La scelta del 18 non è stata casuale; gli effetti della politica del governo della “tolleranza zero” in merito alle sostanze è stata direttamente vissuta da tanti studenti medi che da questo lunedì, di rientro nelle loro scuole, sono stati accolti da controlli di polizia di stato e carabinieri con unità cinofile (presso gli istituti Gramsci, Camerini-Rossi e Don Bosco). L'incremento dei controlli nei pressi degli istituti scolastici padovani è, infatti, diretta conseguenza dell'inserimento della città nella sperimentazione del Ministero dell'Interno denominata "Scuole Sicure", che ha coinvolto altre 14 città per un finanziamento di 2,5 milioni di €, ripartiti in base alla grandezza demografica. Questo finanziamento  rimane vincolato al 90% per il potenziamento dell'apparato poliziesco di controllo e repressione, mentre un misero 10% viene destinato a progetti educativi, restituendo la tara di come Lega e M5S  abbiano optato per un approccio proibizionista. Rispetto a questa direttiva è lecito interrogarsi se la decantata “sicurezza scolastica” debba tradursi nell'intimidazione e il sequestro di pochi grammi o, piuttosto, attraverso un adeguamento delle infrastrutture degli edifici stessi, rispetto ai quali rimane allarmante il disimpegno costante.
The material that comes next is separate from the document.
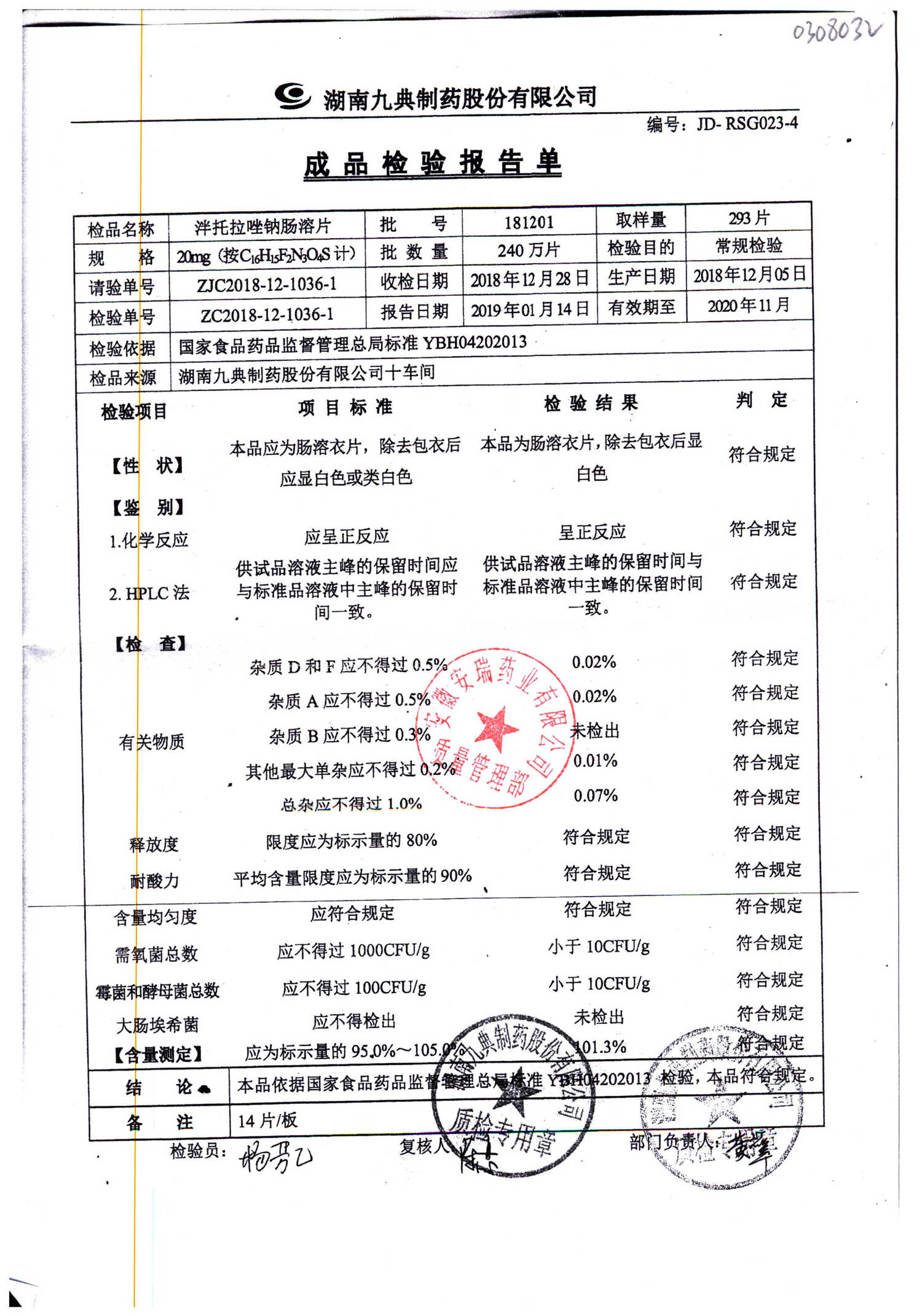 泮托拉唑钠肠溶片 | 20mg | 190503 | 查看详情 |

Parlando di istituzioni scolastiche e sostanze la questione è ben più ampia: la loro diffusione fra i giovani, il tipo di non-informazione che ricevono, il conflitto che si crea fra studenti consumatori e insegnati del tutto impreparati. A questo si aggiunga l'esercizio di addomesticamento al potere e all'autorità: l'adeguamento a un diktat repressivo e dogmatico, che impone un controllo sulle libertà personali, realizza una delega delle stesse in nome di un potere più pervasivo. Questo ragionamento non riguarda solo le scuole, ma si estende sull'intera società.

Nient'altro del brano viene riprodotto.